* **Extracted entries**
•••••

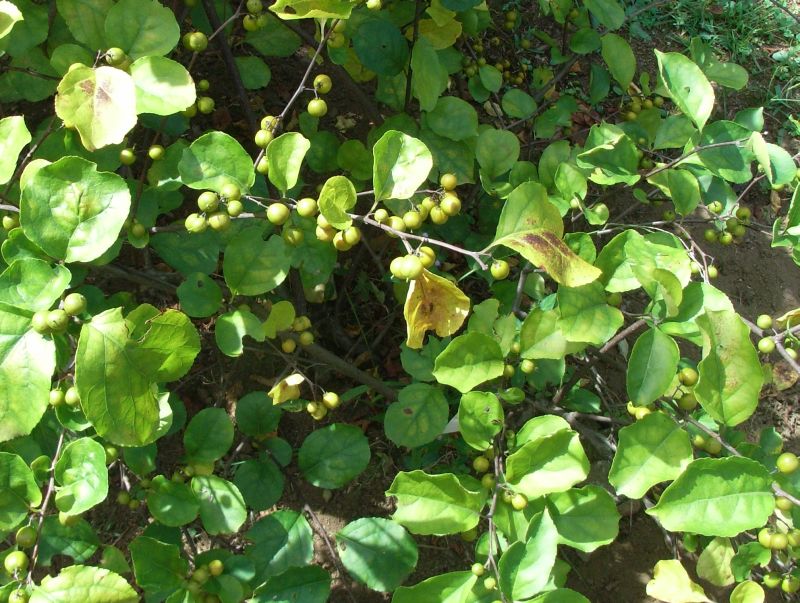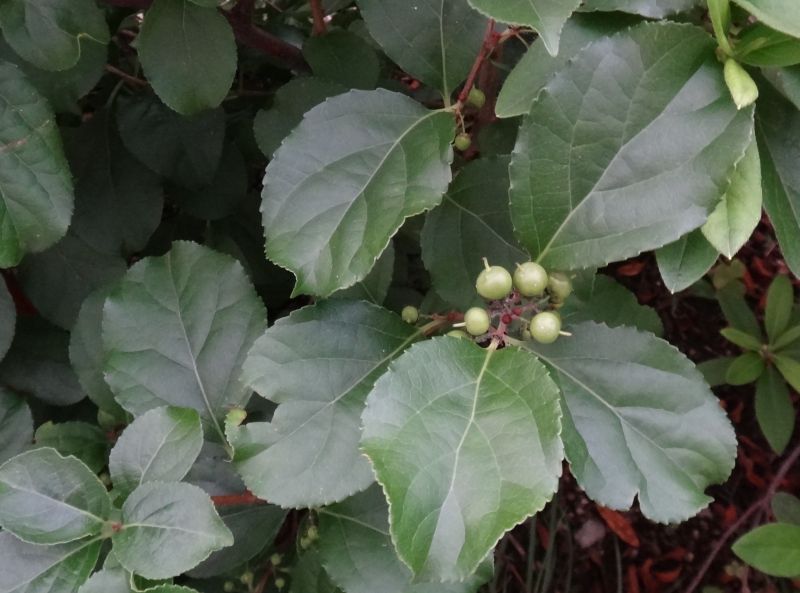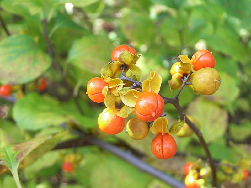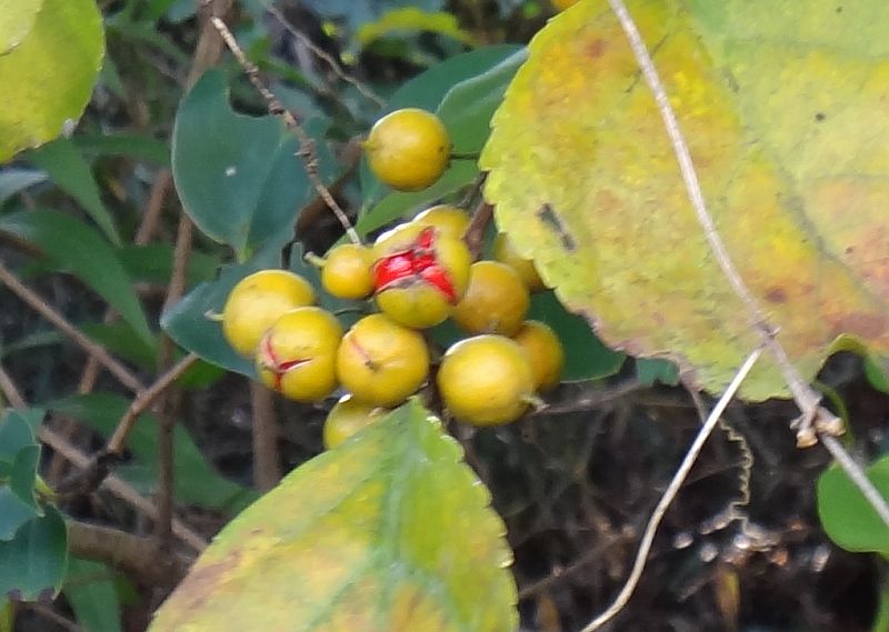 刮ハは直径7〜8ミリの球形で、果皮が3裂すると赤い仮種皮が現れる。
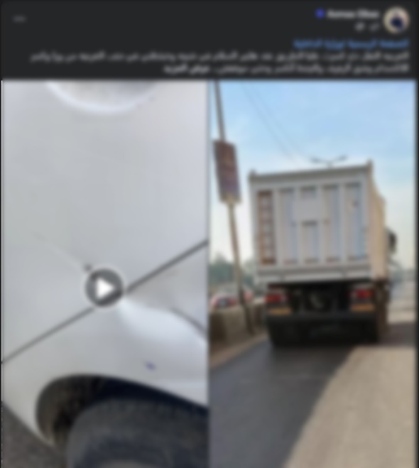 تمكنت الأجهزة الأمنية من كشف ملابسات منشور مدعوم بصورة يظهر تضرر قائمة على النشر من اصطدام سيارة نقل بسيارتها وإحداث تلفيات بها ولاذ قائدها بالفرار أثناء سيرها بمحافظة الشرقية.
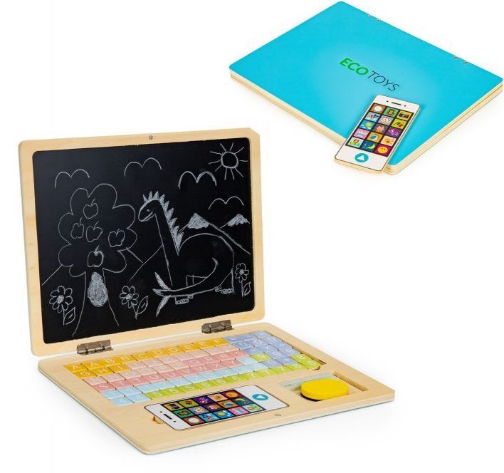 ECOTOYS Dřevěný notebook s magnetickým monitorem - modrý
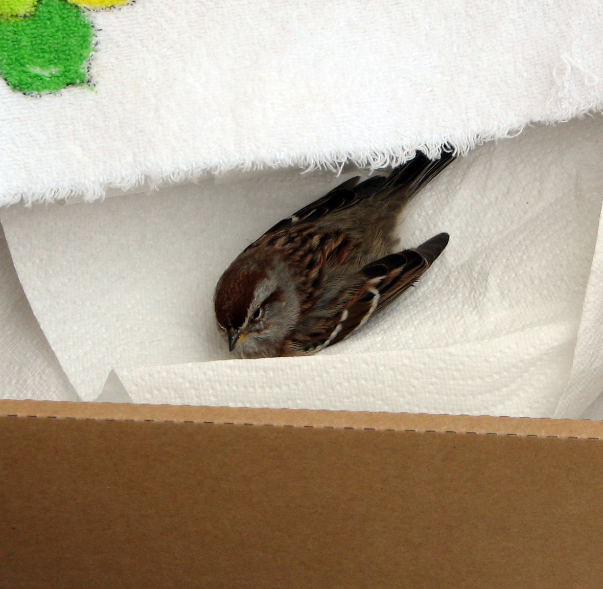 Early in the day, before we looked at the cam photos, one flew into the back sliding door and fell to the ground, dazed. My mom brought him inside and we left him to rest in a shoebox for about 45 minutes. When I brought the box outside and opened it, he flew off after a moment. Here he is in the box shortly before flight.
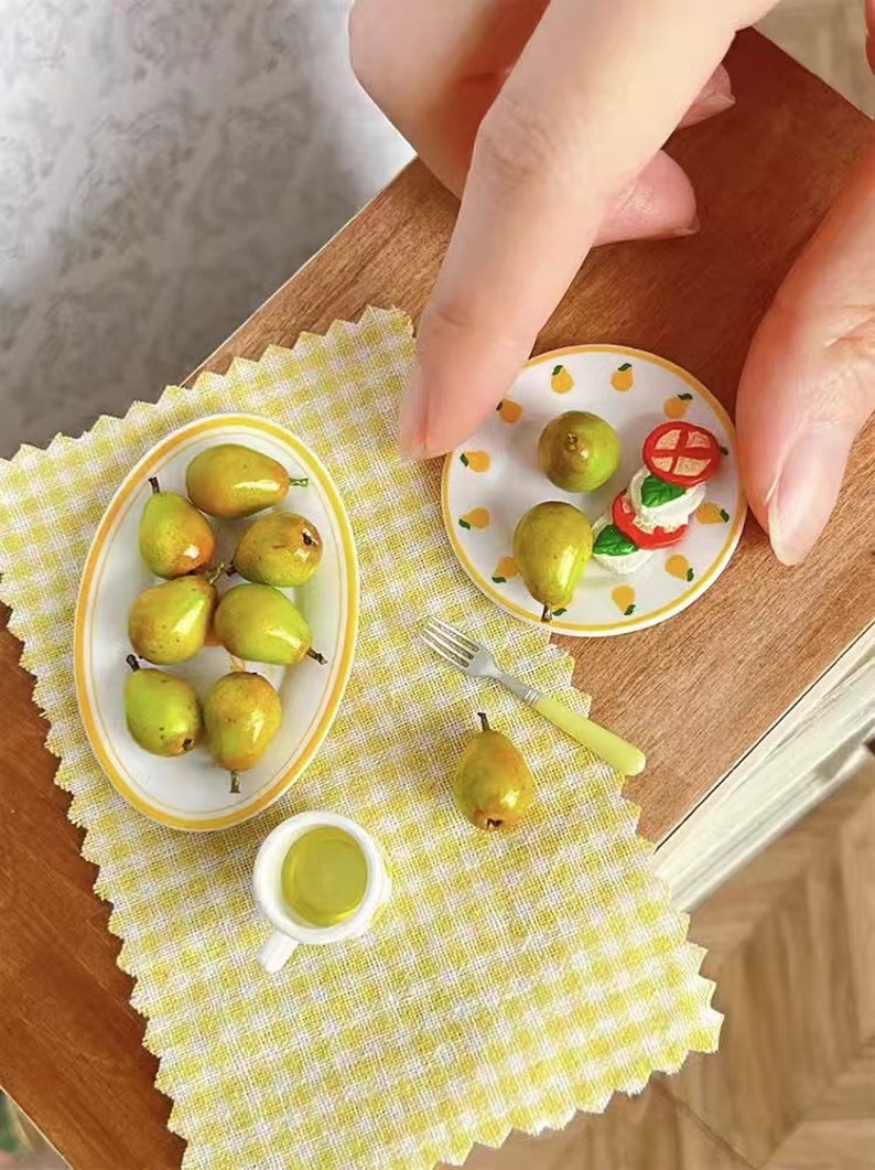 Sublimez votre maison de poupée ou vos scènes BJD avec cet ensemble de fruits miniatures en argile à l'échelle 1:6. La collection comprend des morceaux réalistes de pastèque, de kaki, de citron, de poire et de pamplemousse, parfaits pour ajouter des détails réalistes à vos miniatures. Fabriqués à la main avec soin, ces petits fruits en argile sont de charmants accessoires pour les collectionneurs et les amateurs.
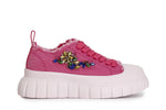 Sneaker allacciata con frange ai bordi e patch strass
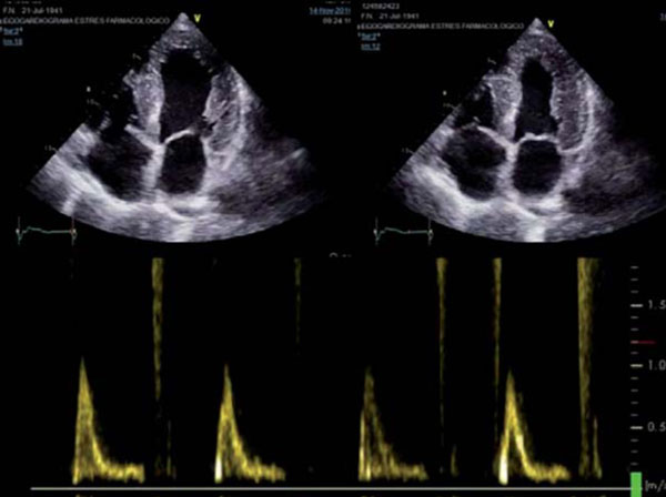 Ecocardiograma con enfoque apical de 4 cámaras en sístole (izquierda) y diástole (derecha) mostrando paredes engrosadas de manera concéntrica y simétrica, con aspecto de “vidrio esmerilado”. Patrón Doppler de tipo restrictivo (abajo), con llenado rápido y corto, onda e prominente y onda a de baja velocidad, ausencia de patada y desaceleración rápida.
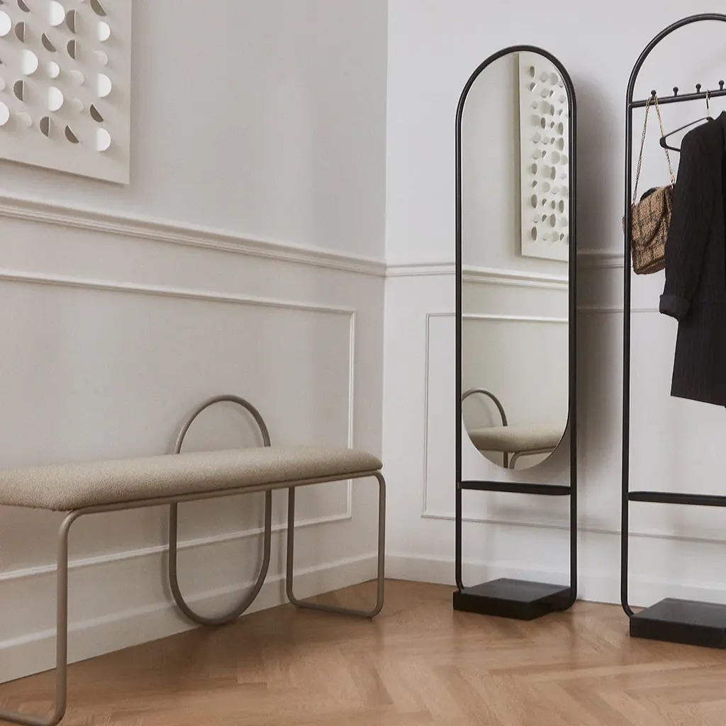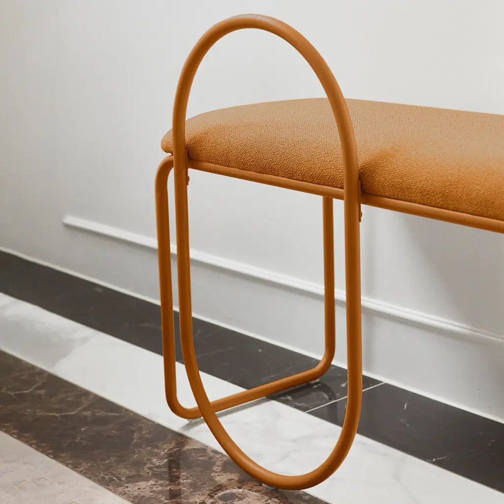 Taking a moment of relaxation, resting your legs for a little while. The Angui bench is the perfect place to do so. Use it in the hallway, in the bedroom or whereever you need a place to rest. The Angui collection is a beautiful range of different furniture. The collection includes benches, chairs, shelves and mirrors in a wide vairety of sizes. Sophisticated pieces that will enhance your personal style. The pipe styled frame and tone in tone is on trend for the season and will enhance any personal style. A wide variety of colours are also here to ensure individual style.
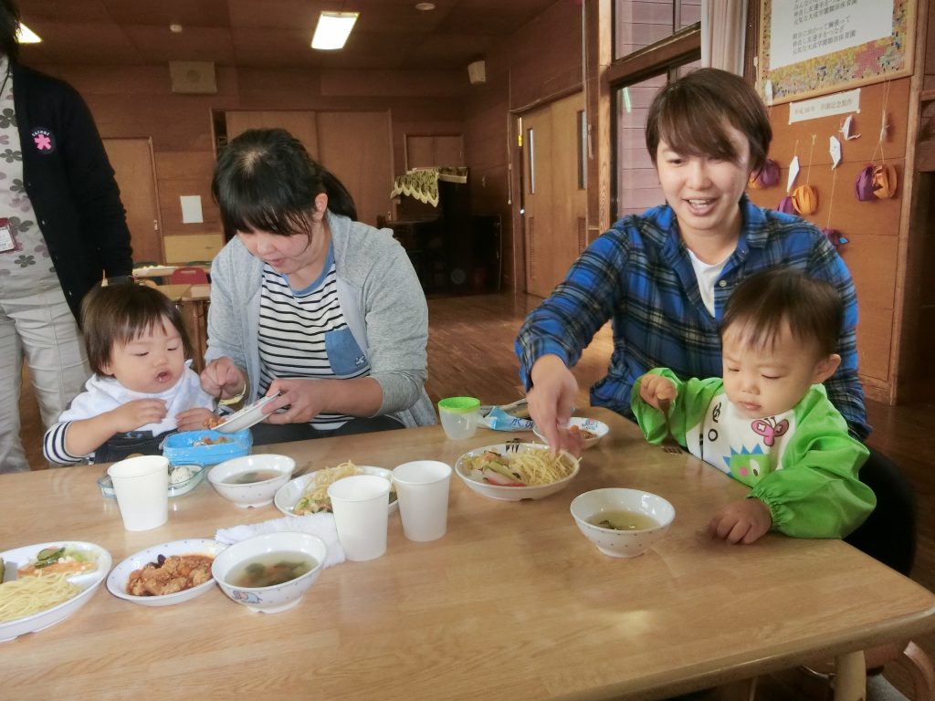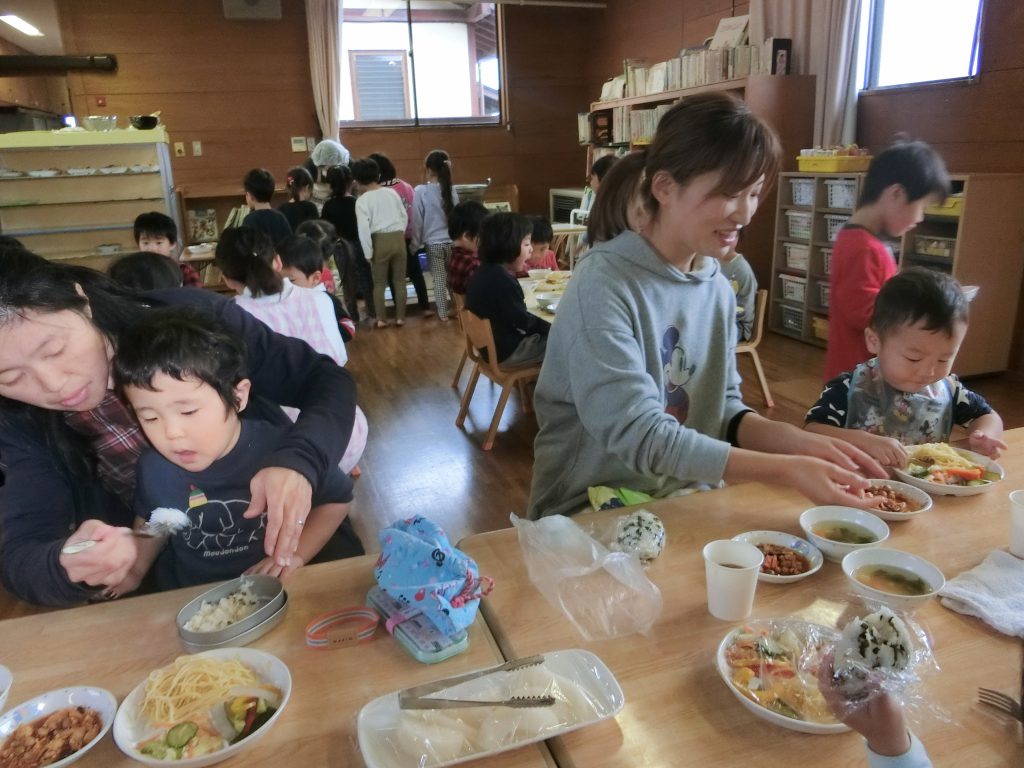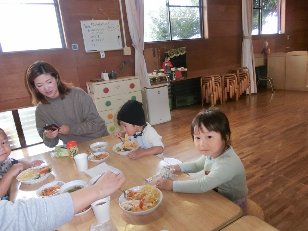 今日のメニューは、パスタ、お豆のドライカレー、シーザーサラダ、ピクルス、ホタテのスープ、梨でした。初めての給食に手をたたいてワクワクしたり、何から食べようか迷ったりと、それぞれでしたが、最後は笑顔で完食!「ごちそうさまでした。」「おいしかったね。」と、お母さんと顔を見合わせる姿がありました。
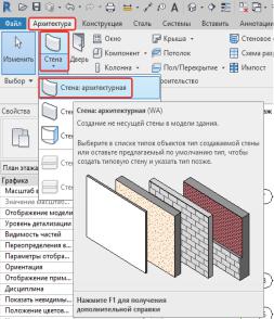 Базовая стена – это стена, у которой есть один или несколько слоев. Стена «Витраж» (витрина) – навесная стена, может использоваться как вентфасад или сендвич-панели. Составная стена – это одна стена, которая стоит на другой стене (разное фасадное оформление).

•••••

* **To do**
Repeat only the lines from the beginning of the material through the line containing "Ecocardiograma con enfoque", both ends kept, leaving pictures out.

* **Solution for this problem**
 刮ハは直径7〜8ミリの球形で、果皮が3裂すると赤い仮種皮が現れる。
 تمكنت الأجهزة الأمنية من كشف ملابسات منشور مدعوم بصورة يظهر تضرر قائمة على النشر من اصطدام سيارة نقل بسيارتها وإحداث تلفيات بها ولاذ قائدها بالفرار أثناء سيرها بمحافظة الشرقية.
 ECOTOYS Dřevěný notebook s magnetickým monitorem - modrý
 Early in the day, before we looked at the cam photos, one flew into the back sliding door and fell to the ground, dazed. My mom brought him inside and we left him to rest in a shoebox for about 45 minutes. When I brought the box outside and opened it, he flew off after a moment. Here he is in the box shortly before flight.
 Sublimez votre maison de poupée ou vos scènes BJD avec cet ensemble de fruits miniatures en argile à l'échelle 1:6. La collection comprend des morceaux réalistes de pastèque, de kaki, de citron, de poire et de pamplemousse, parfaits pour ajouter des détails réalistes à vos miniatures. Fabriqués à la main avec soin, ces petits fruits en argile sont de charmants accessoires pour les collectionneurs et les amateurs.
 Sneaker allacciata con frange ai bordi e patch strass
 Ecocardiograma con enfoque apical de 4 cámaras en sístole (izquierda) y diástole (derecha) mostrando paredes engrosadas de manera concéntrica y simétrica, con aspecto de “vidrio esmerilado”. Patrón Doppler de tipo restrictivo (abajo), con llenado rápido y corto, onda e prominente y onda a de baja velocidad, ausencia de patada y desaceleración rápida.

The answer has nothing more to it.